Gabriel Albiac-El Debate
  • Ninguno de esos repartidores va a buscar las no demasiadas traducciones que, de Vladimir Jankélévitch, podrían haber hallado en estas casetas

Puede haber escrito la más importante reflexión ética del siglo veinte: el Tratado de las virtudes del año 1948, cuya reescritura iba a acompañarlo durante el resto de su vida. No hay traducción española. ¿Hace falta una coartada para recordar ese libro? Pongámosla: el próximo viernes hará veinte años que murió su autor, Vladimir Jankélévitch. Los estudiosos saben que él fue quien forjó la categoría de «imprescriptibilidad» que da fundamento metafísico al concepto de «crimen contra la humanidad». Lo imprescriptible puede ser leído en nuestra lengua.
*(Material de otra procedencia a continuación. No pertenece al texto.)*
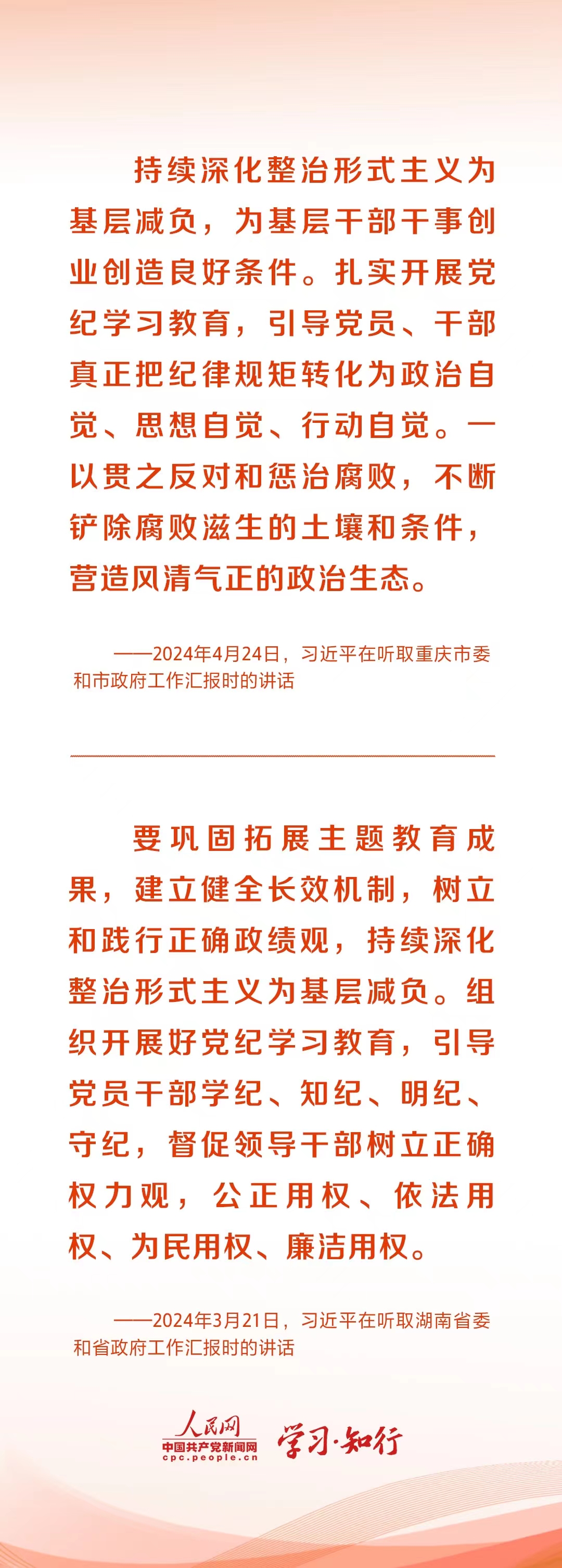3月,湖南调研,习近平指出,党中央明确要求为基层减负,坚决整治形式主义、官僚主义问题,要精兵简政,继续把这项工作抓下去。

Como puede serlo su monumental La muerte. Y muy poco más. El Tratado sigue aguardando el editor dispuesto a arrostrar el riesgo de una obra empecinadamente al margen de todas las corrientes consagradas en el pensar de su siglo.

¿No nos basta con una sola coartada? Más. Feria del libro, Madrid, sábado pasado. Sujetos que, con seguridad, rebosan humanismo benevolente, hacen circunspecta entrega de sus panfletos a los que van entrando por la puerta del paseo de coches. Nada demasiado nuevo hay en sus hojillas volanderas. Sí tópicos muy viejos. Y muy eficaces. Esos que ponen en el pueblo judío la voluntad diabólica de destruir cuanto de bien moral pueda abrigar el mundo. Y que, en el marco venerable de la gran fiesta literaria madrileña, animan a destruir Israel como condición para que la especie humana pueda recuperar su excelencia.

Ninguno de esos repartidores va a buscar las no demasiadas traducciones que, de Vladimir Jankélévitch, podrían haber hallado en estas casetas. Para chocar, bien a desgana, con algún que otro pasaje ingrato. Como éste, por ejemplo: «En cada primavera, los árboles florecen en Auschwitz, igual que en todas partes; porque a la hierba no la asquea brotar en estos prados malditos; la primavera no distingue entre nuestros jardines y estos lugares de indecible miseria. Hoy, cuando los sofistas nos recomiendan el olvido, subrayaremos con fuerza nuestro mudo e impotente horror ante los perros del odio; pensaremos con fuerza en la agonía de los deportados sin sepultura y de los niños que no volvieron. Y esta agonía durará hasta el fin del mundo».

Y estoy seguro, desde luego, de que la casi totalidad de los que en medio del festejo libresco del Retiro repartían cortésmente sus panfletos antijudíos, no tenían siquiera consciencia de estar siendo herederos de los verdugos de Auschwitz. Pero, ¿no ser siquiera consciente del mal que uno propaga es un atenuante? ¿Es este de ahora, que al proclamarse antisionista elude el duro coste moral de confesarse antisemita, menos perverso que aquellos que hicieron del antisemitismo epopeya fundante de un Tercer Imperio?

Si Auschwitz fue un día posible, si seis millones de judíos pudieron ser exterminados en los campos de concentración, fue sólo porque, desde mucho antes, hubo humanitarios ciudadanos que dieron por evidente la existencia de una comunidad diabólica, la judía, cuya sola existencia ponía en peligro la plenitud moral del mundo. Y no estaría nada mal que los educados repartidores de hojillas volanderas en el Retiro entendieran que sí, que hay herederos legítimos de los exterminadores hitlerianos: ellos. Y que es menos obsceno proclamarlo abiertamente. Porque, en aquella Alemania de los años treinta y cuarenta, peor que los verdugos de Auschwitz sólo había una gente: la respetable población que quiso ver en ellos a sus salvadores.

Me pasó por la cabeza regalar un ejemplar de Lo imprescriptible al primero de aquellos bienintencionados publicistas que se cruzase en mi camino. Pensé, de inmediato, que para qué. Nadie acepta que sus confortables certezas puedan ser tambaleadas por la carcoma de una duda o de un razonamiento. Ni aun las cabezas académicamente mejor formadas de la Universidad alemana se libraron, hace un siglo, de este cáncer moral que paseaba ahora su autocomplacencia entre los libros del Retiro. No, el antisemitismo no tiene cura. No la ha tenido nunca la perversidad humana. Ni ha dejado jamás de revestir máscaras humanitarias. Tan humanitarias como las que adornan al gobierno español en ejercicio. Vladimir Jankélévitch llamaba a eso «el juego del diablo». Pero, ¿a quién va a ocurrírsele hoy leer a un autor tan desabrido como Vladimir Jankélévitch?